* Dataset excerpts *
^^^^

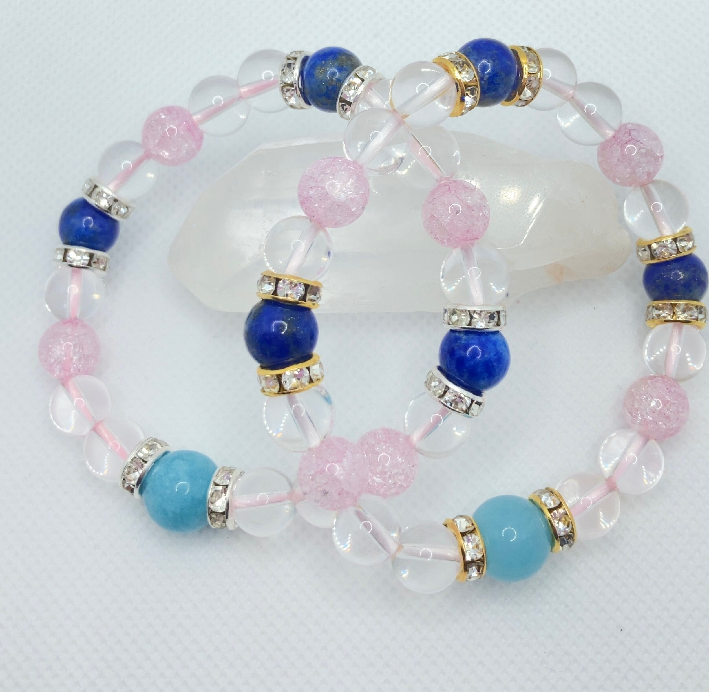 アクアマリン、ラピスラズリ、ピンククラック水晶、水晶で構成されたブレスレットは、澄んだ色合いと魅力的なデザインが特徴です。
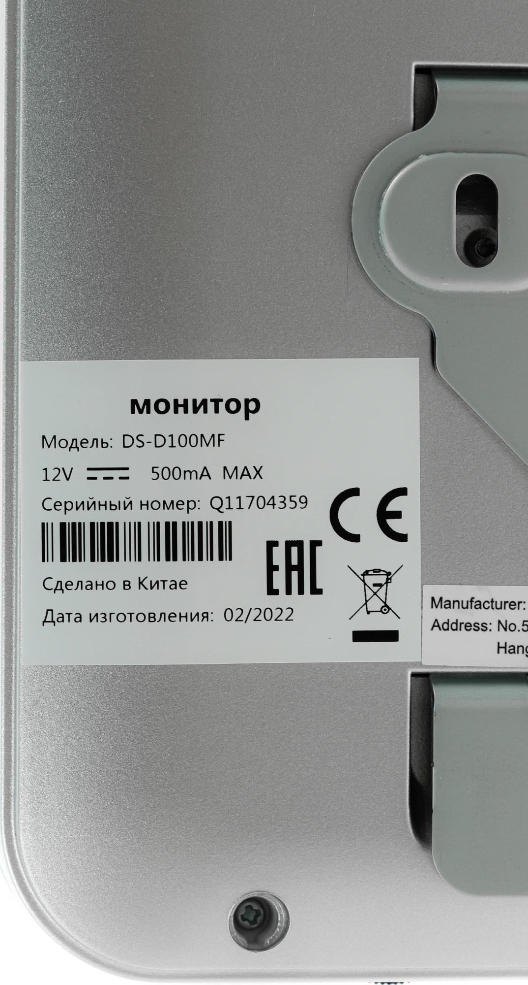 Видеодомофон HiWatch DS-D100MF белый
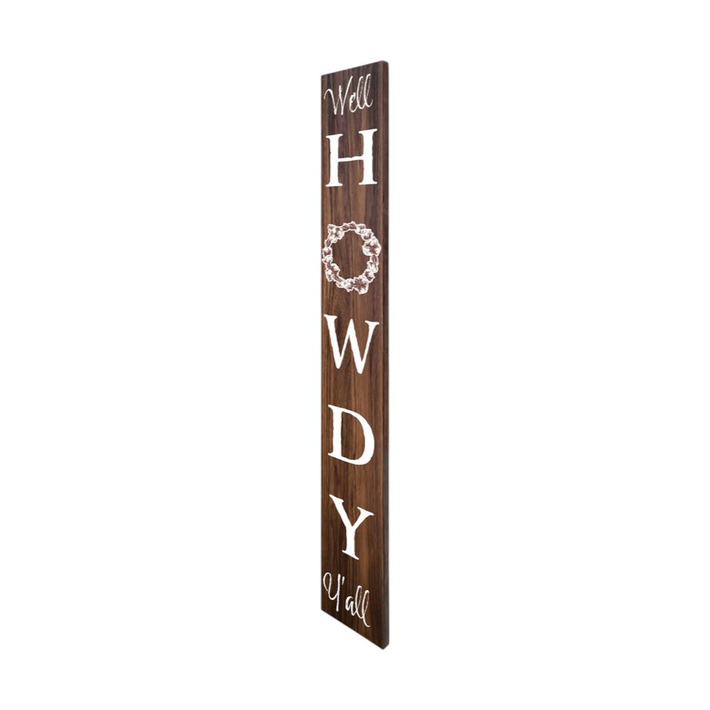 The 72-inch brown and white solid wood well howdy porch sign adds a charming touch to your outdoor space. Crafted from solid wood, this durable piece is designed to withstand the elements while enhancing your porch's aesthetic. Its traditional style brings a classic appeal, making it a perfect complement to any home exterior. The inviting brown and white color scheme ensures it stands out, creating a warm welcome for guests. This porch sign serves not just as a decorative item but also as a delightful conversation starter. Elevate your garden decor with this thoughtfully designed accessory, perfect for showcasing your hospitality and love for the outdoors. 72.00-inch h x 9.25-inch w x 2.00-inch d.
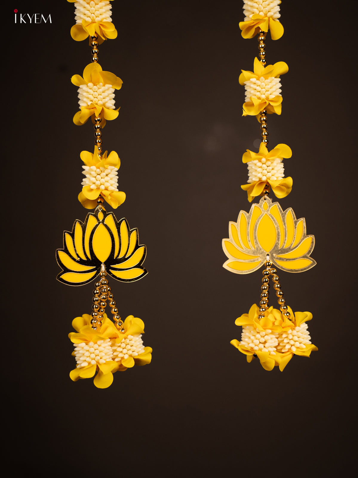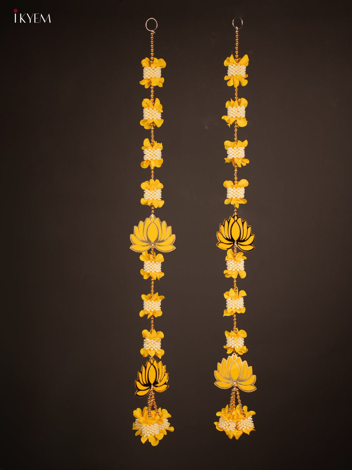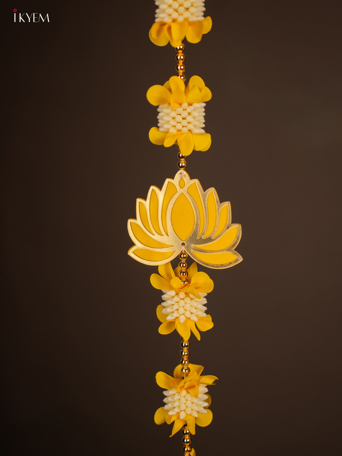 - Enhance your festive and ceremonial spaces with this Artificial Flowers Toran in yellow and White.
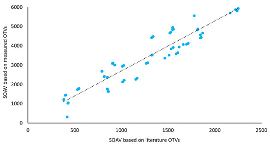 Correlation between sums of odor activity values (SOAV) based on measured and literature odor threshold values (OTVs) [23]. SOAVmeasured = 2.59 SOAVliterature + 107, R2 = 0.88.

^^^^

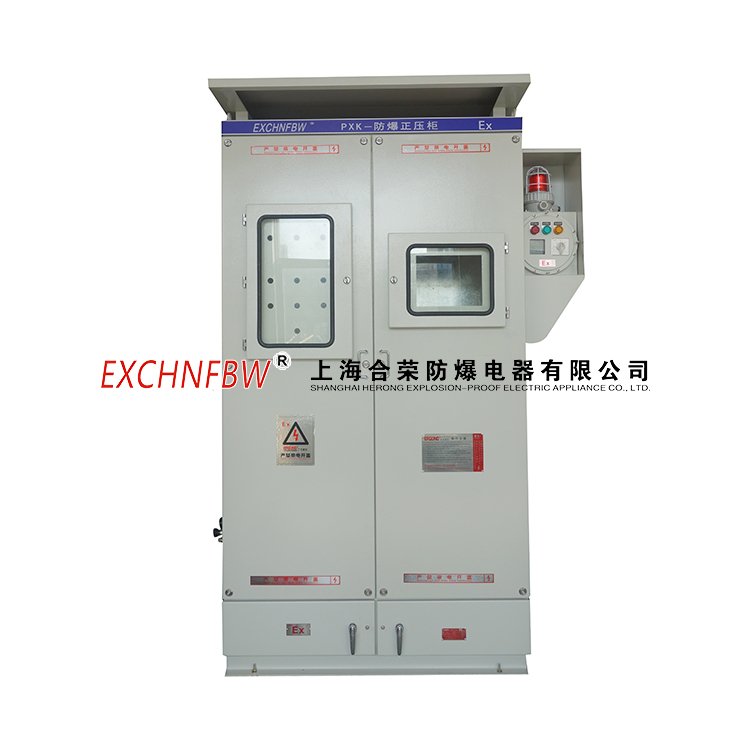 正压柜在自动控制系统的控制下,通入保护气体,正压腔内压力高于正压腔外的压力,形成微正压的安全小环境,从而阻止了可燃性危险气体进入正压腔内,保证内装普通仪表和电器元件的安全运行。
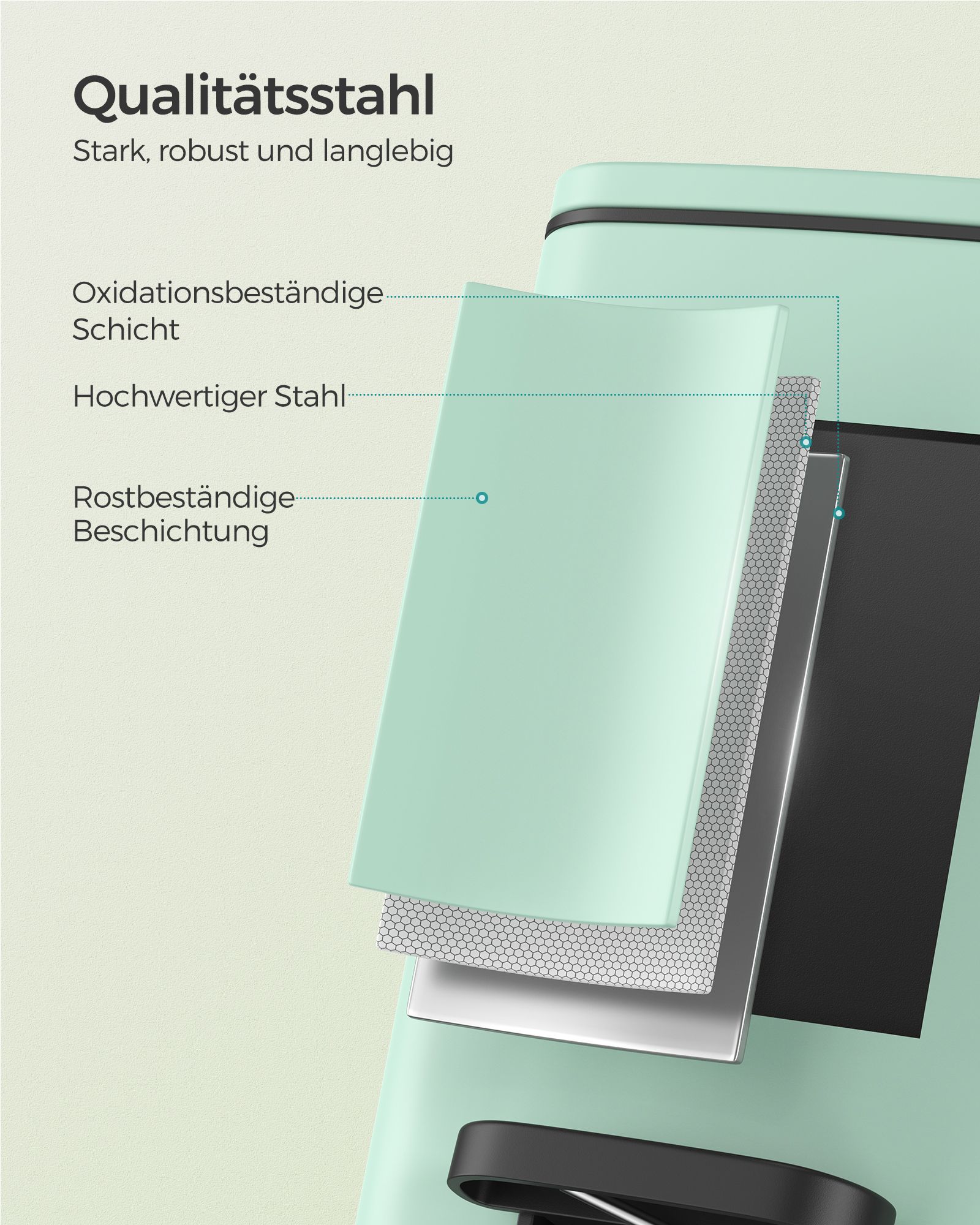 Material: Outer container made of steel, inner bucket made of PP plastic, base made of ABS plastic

^^^^

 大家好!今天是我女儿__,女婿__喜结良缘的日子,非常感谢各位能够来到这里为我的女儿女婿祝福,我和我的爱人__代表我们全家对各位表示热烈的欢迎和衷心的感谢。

^^^^

* Work required *
In the listing above, find the line containing "アクアマリン、ラピスラズリ、" and the line containing "Correlation between sums", then write out both of them and every line between, exactly, with no pictures.

* Answer box *
 アクアマリン、ラピスラズリ、ピンククラック水晶、水晶で構成されたブレスレットは、澄んだ色合いと魅力的なデザインが特徴です。
 Видеодомофон HiWatch DS-D100MF белый
 The 72-inch brown and white solid wood well howdy porch sign adds a charming touch to your outdoor space. Crafted from solid wood, this durable piece is designed to withstand the elements while enhancing your porch's aesthetic. Its traditional style brings a classic appeal, making it a perfect complement to any home exterior. The inviting brown and white color scheme ensures it stands out, creating a warm welcome for guests. This porch sign serves not just as a decorative item but also as a delightful conversation starter. Elevate your garden decor with this thoughtfully designed accessory, perfect for showcasing your hospitality and love for the outdoors. 72.00-inch h x 9.25-inch w x 2.00-inch d.
 - Enhance your festive and ceremonial spaces with this Artificial Flowers Toran in yellow and White.
 Correlation between sums of odor activity values (SOAV) based on measured and literature odor threshold values (OTVs) [23]. SOAVmeasured = 2.59 SOAVliterature + 107, R2 = 0.88.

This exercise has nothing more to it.